Stored records:
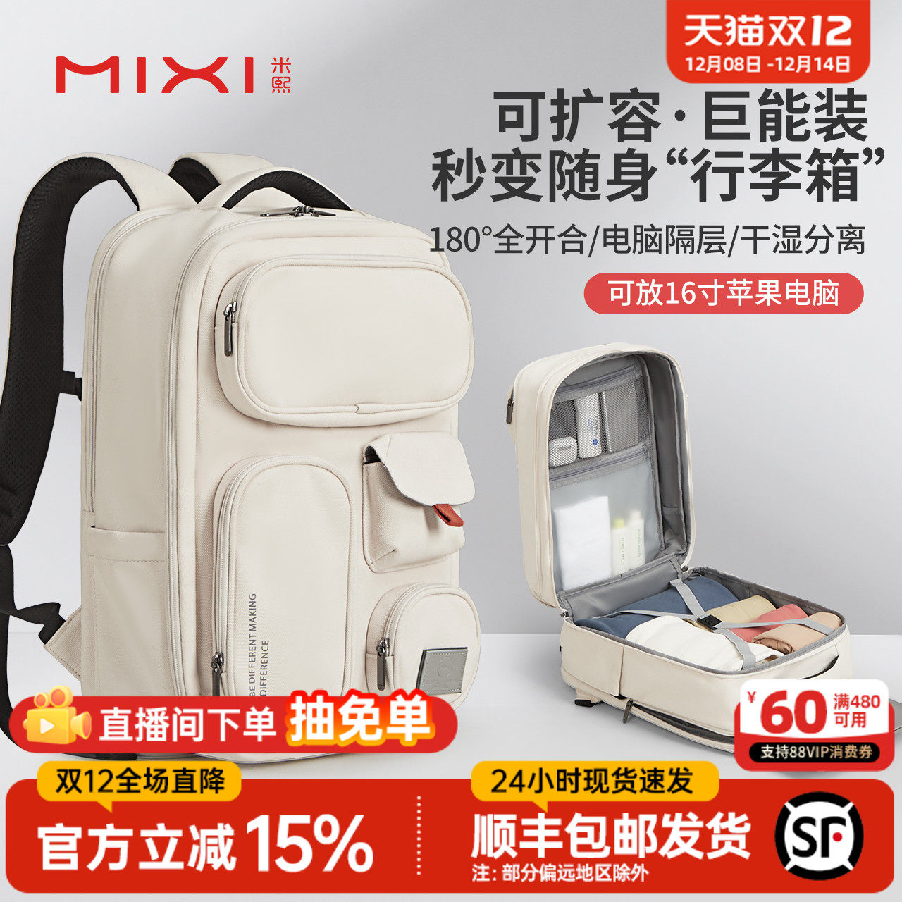 米熙旅行背包双肩包女2025新款户外电脑包男生大容量短途出差轻便(169元)
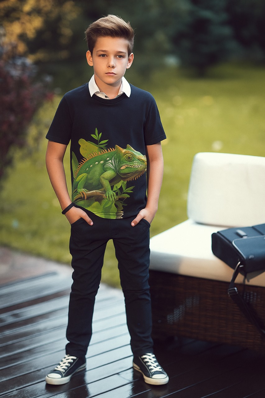 Add a fun and stylish touch to your boy’s wardrobe with this trendy photo printed t-shirt. Made from a breathable blend of 60% cotton and 40% polyester, it ensures all-day comfort and durability. The front side features a vibrant photo print that kids will love, while the back side stays simple with a solid color for a balanced look. Designed with a classic crew neck and short sleeves, it’s perfect for everyday wear, playtime or casual outings. Easy to pair with jeans, shorts or joggers.
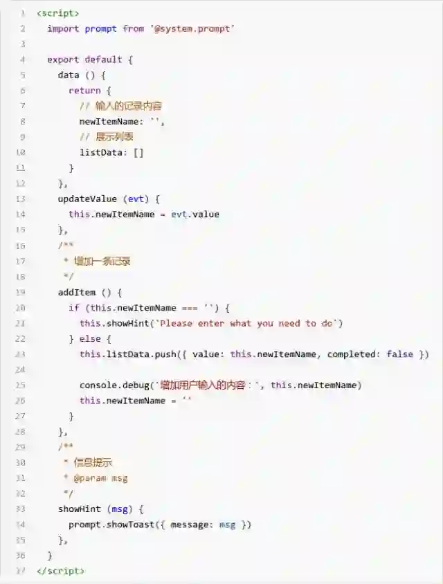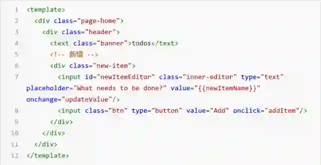 1) ViewModel 的 data 中定义 newItemName 属性用于记录用户输入的内容
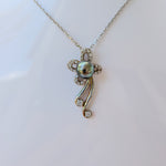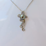 Pendentif fleur en zirconium et perle aux reflets verts
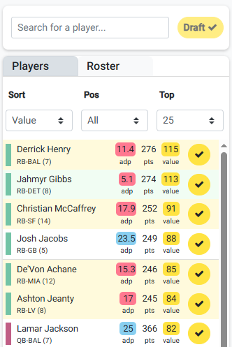 - Value - calculated value based on Projected Points and Value Baselines
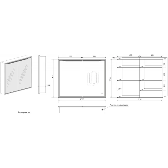 • Оснащение: зеркало-шкаф, провод с вилкой 1м, розетка, 4 полки, навес, коробка, инструкция.
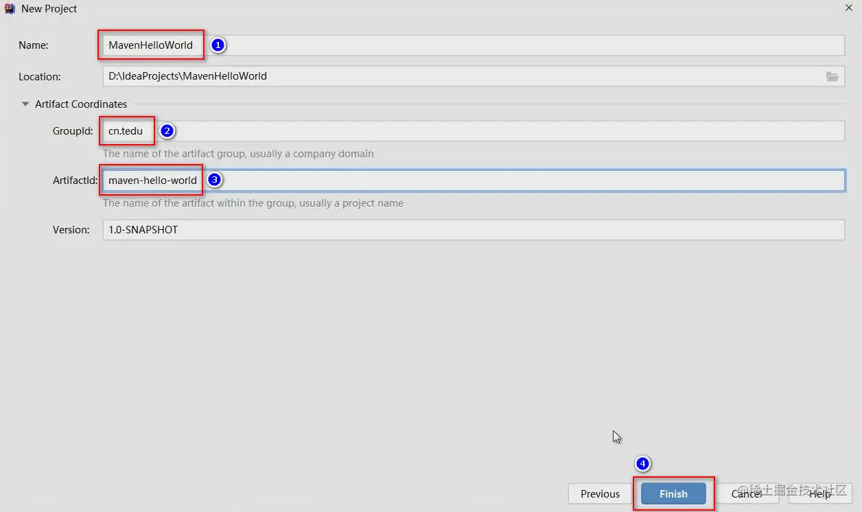 先确定项目的名称,检查项目的保存位置,并展开Artifact Coordinates,填写GroupId与ArtifactId,其实这2项并不是必须填写的,按照开发规范应该填写,而且,ArtifactId的值应该全部由小写字母组成,如果由多个单词组成,则各单词之间使用减号进行分隔,全部填写无误后,点击Finish按钮即可完成创建:
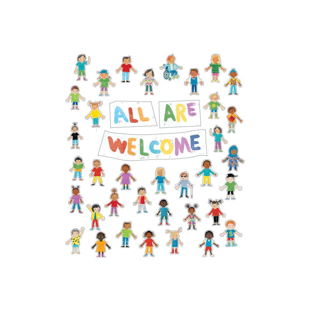 Create a welcoming environment that celebrates kindness, inclusivity, and diversity with the colorful imagery of the 39-piece All Are Welcome Bulletin Board Set. Perfect for adding visual interest to any area of your home or classroom, this set includes these pieces:• 1 "All Are Welcome" banner, assembled from 3 pieces
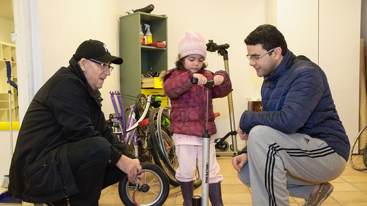 I ett av rummen – verkstaden – hjälper Avni Balaj, som har praktikplats på Fixoteket, Ibrahim Elgali att laga hjulet till en barnvagn. Här finns de verktyg och tillbehör som behövs.
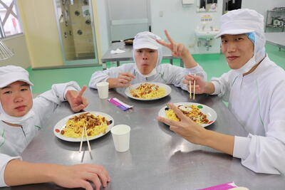 美味しそうなトマトミートソースパスタが出来上がりました。最後はみんなで試食しました。
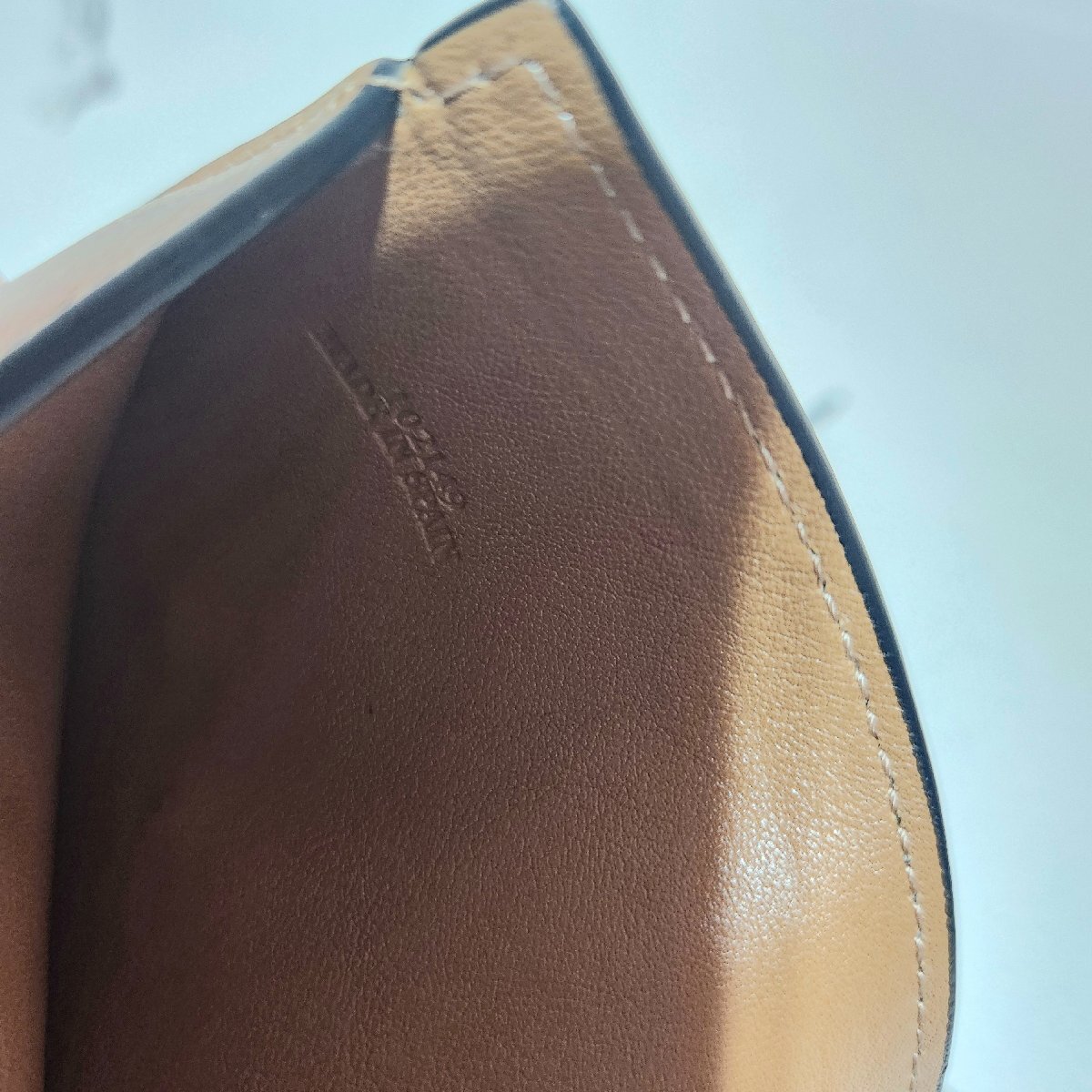 商品説明 ソフトグレインレザーを使用したコンパクトウォレット。 シボレザーとスムースレザーを組み合わせたデザインはシンプルでありながら表情豊かな印象。 フロントのストラップにはアナグラムロゴをエンボス。 上品な雰囲気が魅力のひと品。 詳細 ●サイズ:高さ10cm、幅11cm、マチ3cm ●ランク:Bランク ●コンディション:ベルトに留めボタンの跡があります。 コインケースに少しの汚れがあります。 |

GOAL OF THE EXERCISE: Each line of the data above needs to be retyped as it is, without any picture.

REPLY:
 米熙旅行背包双肩包女2025新款户外电脑包男生大容量短途出差轻便(169元)
 Add a fun and stylish touch to your boy’s wardrobe with this trendy photo printed t-shirt. Made from a breathable blend of 60% cotton and 40% polyester, it ensures all-day comfort and durability. The front side features a vibrant photo print that kids will love, while the back side stays simple with a solid color for a balanced look. Designed with a classic crew neck and short sleeves, it’s perfect for everyday wear, playtime or casual outings. Easy to pair with jeans, shorts or joggers.
 1) ViewModel 的 data 中定义 newItemName 属性用于记录用户输入的内容
 Pendentif fleur en zirconium et perle aux reflets verts
 - Value - calculated value based on Projected Points and Value Baselines
 • Оснащение: зеркало-шкаф, провод с вилкой 1м, розетка, 4 полки, навес, коробка, инструкция.
 先确定项目的名称,检查项目的保存位置,并展开Artifact Coordinates,填写GroupId与ArtifactId,其实这2项并不是必须填写的,按照开发规范应该填写,而且,ArtifactId的值应该全部由小写字母组成,如果由多个单词组成,则各单词之间使用减号进行分隔,全部填写无误后,点击Finish按钮即可完成创建:
 Create a welcoming environment that celebrates kindness, inclusivity, and diversity with the colorful imagery of the 39-piece All Are Welcome Bulletin Board Set. Perfect for adding visual interest to any area of your home or classroom, this set includes these pieces:• 1 "All Are Welcome" banner, assembled from 3 pieces
 I ett av rummen – verkstaden – hjälper Avni Balaj, som har praktikplats på Fixoteket, Ibrahim Elgali att laga hjulet till en barnvagn. Här finns de verktyg och tillbehör som behövs.
 美味しそうなトマトミートソースパスタが出来上がりました。最後はみんなで試食しました。
 商品説明 ソフトグレインレザーを使用したコンパクトウォレット。 シボレザーとスムースレザーを組み合わせたデザインはシンプルでありながら表情豊かな印象。 フロントのストラップにはアナグラムロゴをエンボス。 上品な雰囲気が魅力のひと品。 詳細 ●サイズ:高さ10cm、幅11cm、マチ3cm ●ランク:Bランク ●コンディション:ベルトに留めボタンの跡があります。 コインケースに少しの汚れがあります。 |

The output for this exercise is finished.